In her biography, Hard Times, Simpson presents a catalogue of Burleigh's musical works by category. Under "Art Songs and Religious Songs," Simpson lists more than two hundred songs with lyrics by Louise Alston, Paul Laurence Dunbar, James Weldon Johnson, Rudyard Kipling, Walt Whitman, and others. Among his frequently performed solo works were the cycles "The Saracen Songs" and "Passionale," with lyrics by Fred G. Bowles and James Weldon Johnson, respectively, and "Five Songs by Laurence Hope," with lyrics by Adela L. Cory.

Gains Recognition as Composer, Arranger, Soloist

Simpson's catalogue lists more than 150 spiritual arrangements and includes the "Old Songs Hymnal," containing more than two hundred hymns. The list of spirituals includes Burleigh's well known songs "Ride on, King Jesus," "Swing Low, Sweet Chariot," "Steal Away," and "Stand Still, Jordan" (composed in 1926 and dedicated to Roland Hayes). "Deep River," probably his most famous work, was published in 1917 and dedicated to the contralto Mary Jordan, also a soloist at Temple Emanu-El. "Deep River" later acquired the status of virtually a "signature song" for the bass soloist Paul Robeson.

One of the founding members of ASCAP (The American Society of Composers, Authors, and Publishers), Burleigh was elected to the Board of Directors in 1941, becoming the board's first black member. He was awarded the Spingarn Medal by the NAACP in 1917 for his achievements in the arts. He received an honorary Doctor of Music degree from Howard University in 1920, an honorary Master of Arts degree from Atlanta University, and the Harmon Foundation Award for distinguished achievement in 1917. Among the many outstanding performers who sang his works are Marian Anderson, Carol Brice, Roland Hayes, John McCormack, Mary Jordan, Abbie Mitchell, Paul Robeson, and Evan Williams.

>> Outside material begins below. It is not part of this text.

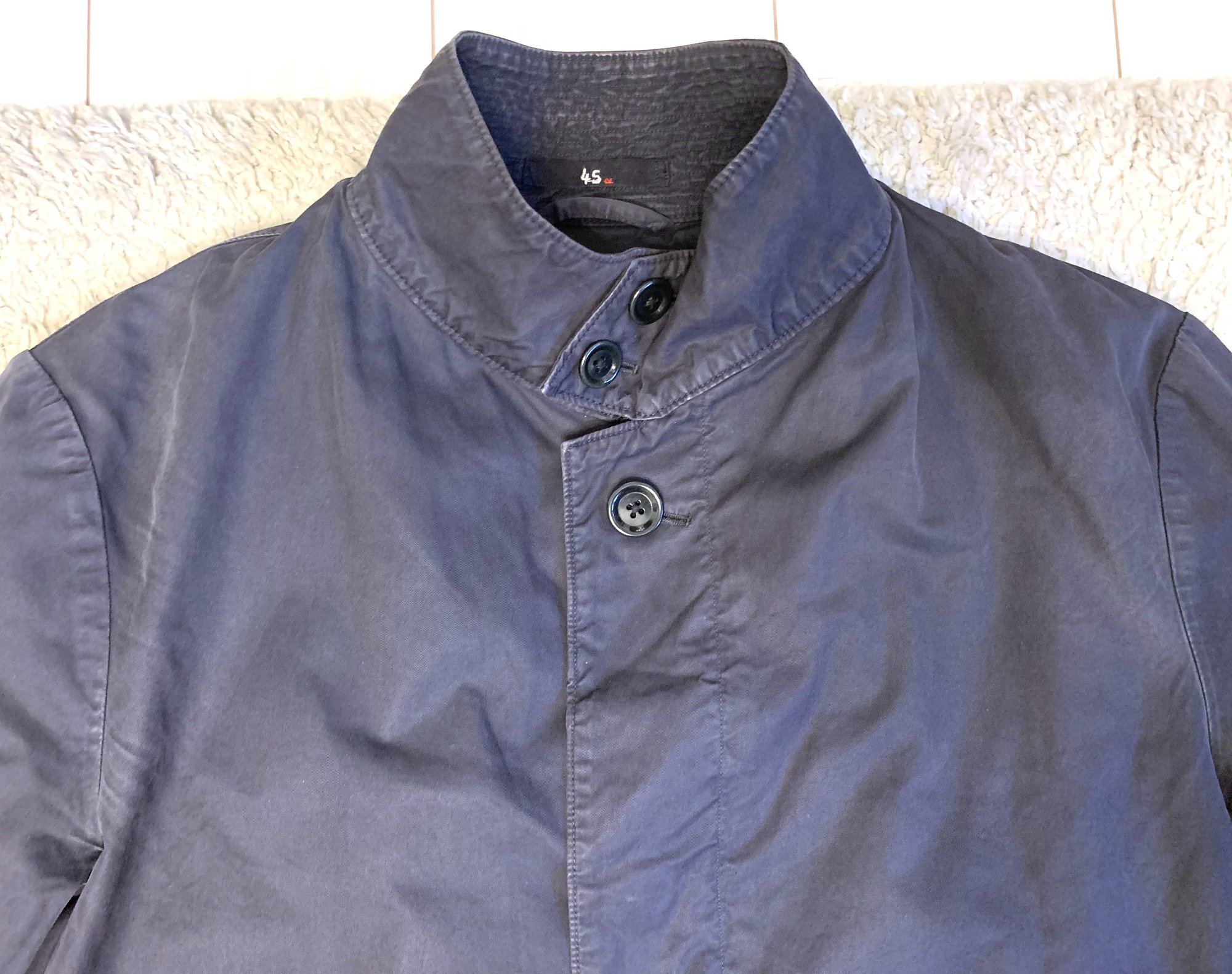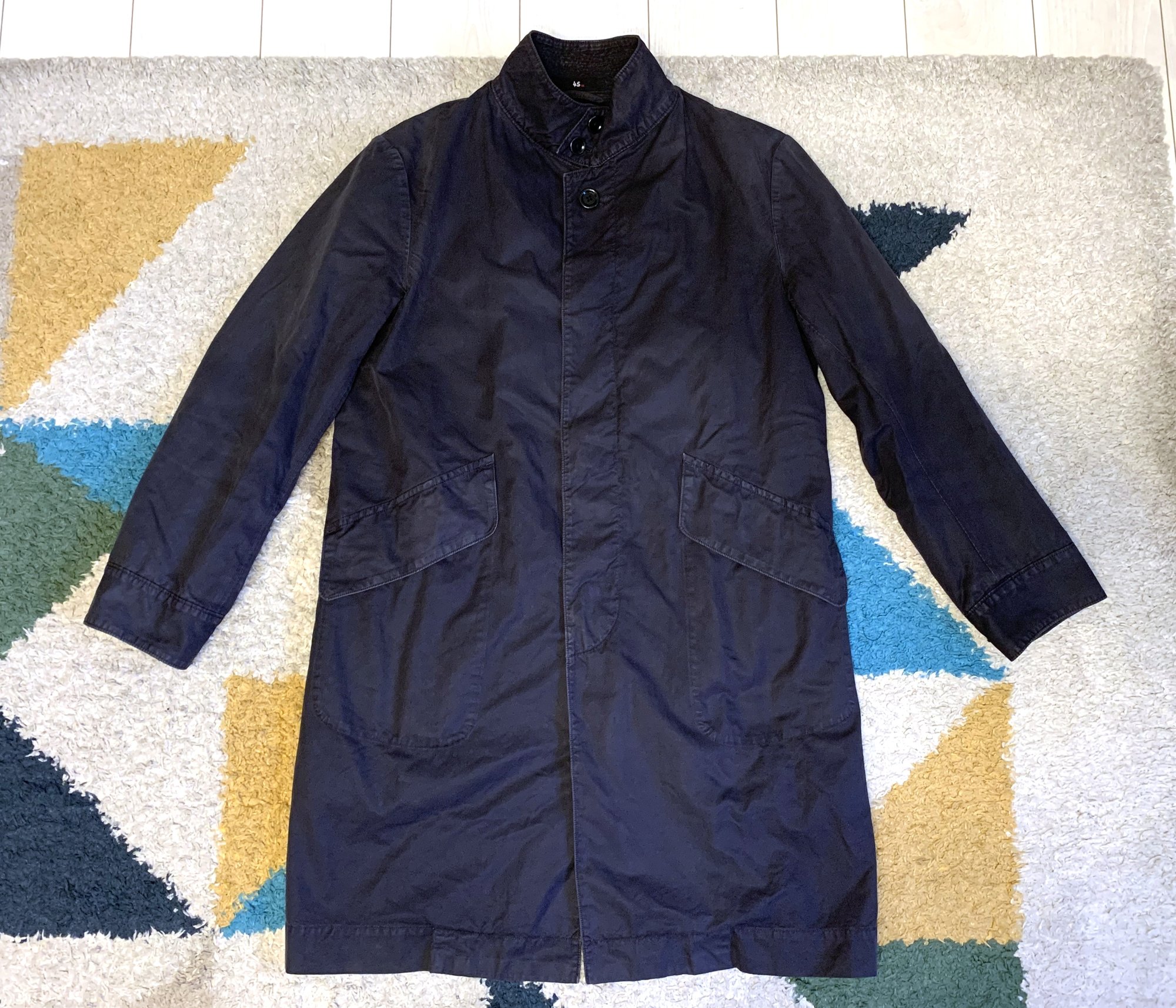 Up for sale here is an over coat from Japan’s 45 rpm label. 45 rpm continually produce some really high quality pieces, using innovative fabrics and a high level of hand detailing. They are probably best known for their indigo products, although they produce a full range of clothing as well.

On February 4, 1944, a special celebration was given at St. George's Church in honor of the fiftieth anniversary of Burleigh's tenure. He was presented a scroll and a gift of $1,500 by the parishioners. His home town of Erie, Pennsylvania was represented by the president of the Erie Club, who presented the honoree with a silver-banded cane on behalf of the club. Addresses were given by Bishop William Manning, Reverend Elmore McKee, and Burleigh in honor of the occasion. The choir performed a contrapuntal ode by Burleigh, "Ethiopia's Paean of Exultation," and Burleigh sang two spirituals: "I Don't Feel Noways Tired," and "Go Down, Moses." The attendees numbered about seven hundred, including many from Erie. Burleigh served St. George's Church a short time longer and presented his fifty-second annual performance of "The Palms" in 1946. Burleigh resigned and his resignation was accepted with deep regrets in November, 1946 by St. George's Church.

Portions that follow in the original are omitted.